Background technique
The servovalve (or claiming " fail frost " servovalve) that when breaking down, is referred to as the position memory is known by people.Particularly, can be with reference to 2 818 No. 331 patent documents of FR.In this document, servovalve comprises a distributor, and when the electrical control fault occurring, this distributor will be in a kind of like this position, and promptly the distributor working hole that links of itself and break control room will be closed.But because the seepage of hydraulic oil in the control room is difficult to avoid break " to freeze " position and skew occurs.
Summary of the invention
The objective of the invention is to propose a kind of brake gear by electronic control servovalve control, when electrical failure occurring, the position of break can be freezed, thereby substantial position deflection can not occur.
Adopt and can realize the object of the invention like lower device, said device comprises:
An electronic control servovalve; Comprise the pressure distributor that has at least one high-pressure air feed hole, at least one low pressure delivery outlet and at least two working holes; According to the controlled location of slide blocks in the pressure distributor, each working hole and high voltage terminal or low voltage terminal link;
A break; Comprise having at least two convexes and the slide blocks that can in oil hydraulic cylinder, slide, said break has two control rooms, respectively with the servovalve distributor in working hole link; Each control room is positioned at a side of corresponding convex; Said break also has a medial compartment, is connected with high voltage terminal or low voltage terminal, and between the opposite side of two convexes;
When the electrical control fault occurring, the pressure distributor slide block is placed in a home, on this position, on the position of break slide block actual fixed when breaking down, in the said device:
When the home of pressure distributor slide block; The break control room remains on identical low pressure or high pressure conditions through its UNICOM with the distributor working hole; With the employed pressure of medial compartment antithesis; Like this, each convex of break slide block bears high pressure in the one of which side, and bears low pressure at its opposite side;
Said each convex of break slide blocks and the sealing between the break oil hydraulic cylinder provide through a dynamic sealing means; Said dynamic sealing means can produce a kind of frictional force according to acting on the pressure difference between these convex both sides between convex and oil hydraulic cylinder.
Be characterized in that the break medial compartment is connected to high voltage terminal, and when its home, the distributor slide blocks is connected to low voltage terminal with the distributor working hole.
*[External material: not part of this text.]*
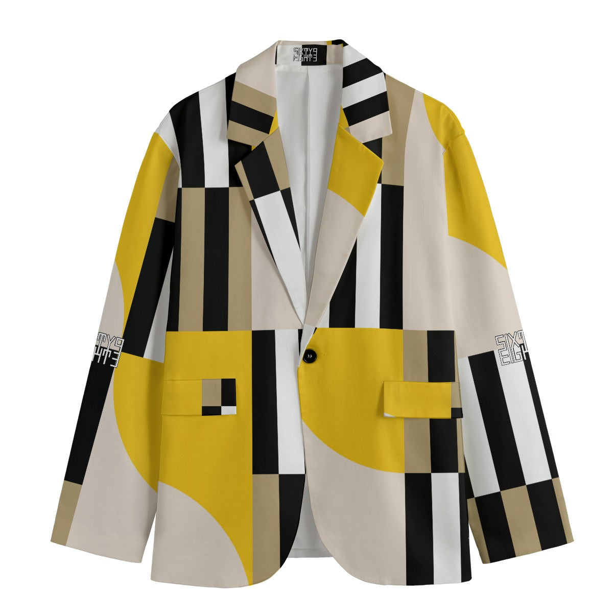 A perfect addition to any man's wardrobe, this Sixty Eight 93 Men's Casual Flat Lapel Collar Blazer is the essence of sophistication. Designed with a cotton fabric and handsome geometric pattern in a timeless combination of yellow, black, white, tan, and gold, this blazer is sure to make a lasting impression.

Like this, break freezes the position and just can not be affected because of the leakage of hydraulic oil.The slight leakage of seal arrangement can not change the pressure difference value that is applied on the dynamic sealing means, so, the position that frictional force just " has been freezed " the break slide blocks.
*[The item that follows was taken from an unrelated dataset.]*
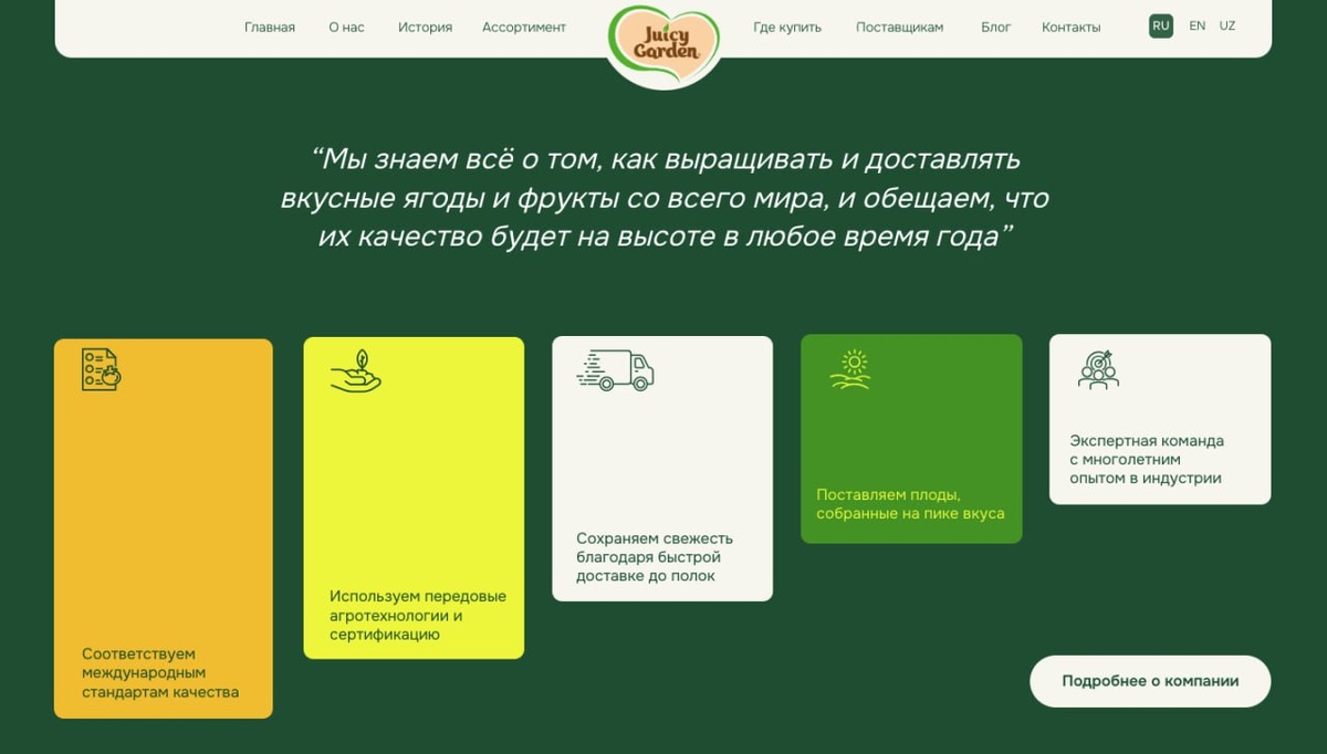 ✅Многостраничный сайт ✅Анимация ✅Перевод на 3 языка - Русский, Английский и Узбекский ✅СЕО продвижение ✅Помощь с выкупом занятого домена Около 3-х месяцев плотной работы, сейчас продолжаем работу по СЕО 👉 Ссылка на проект https://juicygarden.com/ #кейсы

The present invention is particularly suitable for the fuel flow rate control gear in the aeroengine; Said break has formed a kind of fuel-metering device; Its medial compartment is connected to the high pressure fuel end, and has a delivery outlet, and the flow velocity sectional area in hole depends on break slide blocks position.
In this purposes, dynamic sealing means also has can prevent to measure the characteristics that fuel flow rate is revealed.
The positioning control of the break that the present invention can be applied to use in the aeroengine especially is particularly suitable in gas turbine engine metering fuel oil or adjusts the adjustable angle or the efflux door of setting of guide vane.
In these purposes, when servovalve is controlled,, thereby realize safe operation if electrical failure requires the position of controlled part " to freeze ", like this,, just can know the position of fault generation forepiece once more in case fault is able to get rid of.
Description of drawings
With reference to the accompanying drawings, and combine explanation, can understand the present invention better, but said explanation is merely exemplary illustration, but the present invention is not limited in said explanation, accompanying drawing is following:
Fig. 1 is for have the device of servovalve and break according to embodiments of the present invention;
Fig. 2 A and Fig. 2 B are the amplification profile detail drawing of dynamic sealing means, and said dynamic sealing means can be used for the sealing between break slide blocks shown in Figure 1 and the oil hydraulic cylinder;
Fig. 3 shows the relation between servovalve control electric current [strength and each different operating point;
Fig. 4 A is applicable to each different operating point shown in Figure 3 to the deployment scenarios that 4F shows servovalve pressure distributor shown in Figure 1.
Embodiment
To Fig. 3 and Fig. 4 A-4F, introduce one embodiment of the invention below in conjunction with Fig. 1, this embodiment has been explained the applicable cases (flow speed control) of aeroengine fuel injection system fuel metering.
Fig. 1 shows the servovalve 10 of control brake device 50, and said break has formed a kind of fuel metering unit.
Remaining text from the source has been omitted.